PROVIDED MATERIAL:
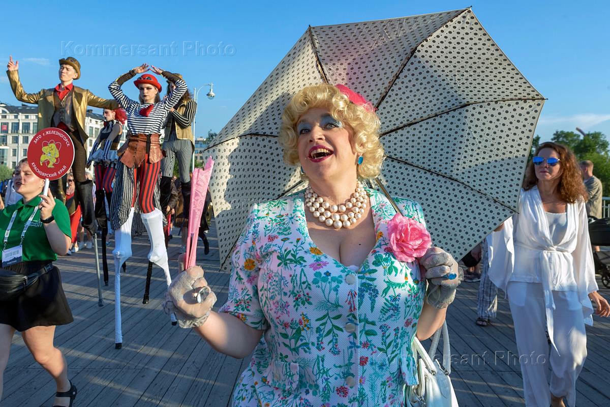 Opening ceremony of the XII Street Theater Festival "Elagin Park 2024". Festive procession of festival participants. Genre photography.
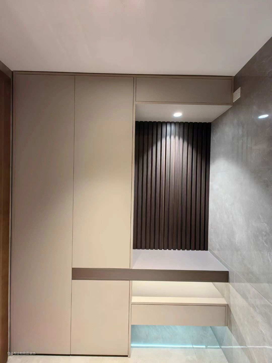 满墙电视柜结合边吊筒灯打光营造氛围感,镂空柜体防放置摆件,作为展示,其余后期储放生活需要用品, 鞋柜穿插设计,木格栅作为搭配,入住后放置绿植加上灯光的辅助,效果拉满
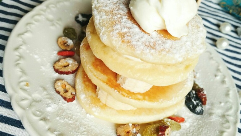21. 将制作好的松饼,撒上糖粉、果干、奶油做装饰。
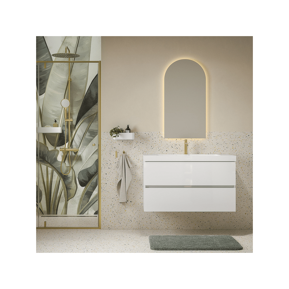 De hoogglans witte afwerking weerkaatst licht waardoor jouw badkamer groter en frisser aanvoelt. Perfect voor een moderne en tijdloze look.

EXERCISE BRIEF:
Word for word, return the material, omitting the pictures.

ANSWER TO THIS EXERCISE:
 Opening ceremony of the XII Street Theater Festival "Elagin Park 2024". Festive procession of festival participants. Genre photography.
 满墙电视柜结合边吊筒灯打光营造氛围感,镂空柜体防放置摆件,作为展示,其余后期储放生活需要用品, 鞋柜穿插设计,木格栅作为搭配,入住后放置绿植加上灯光的辅助,效果拉满
21. 将制作好的松饼,撒上糖粉、果干、奶油做装饰。
 De hoogglans witte afwerking weerkaatst licht waardoor jouw badkamer groter en frisser aanvoelt. Perfect voor een moderne en tijdloze look.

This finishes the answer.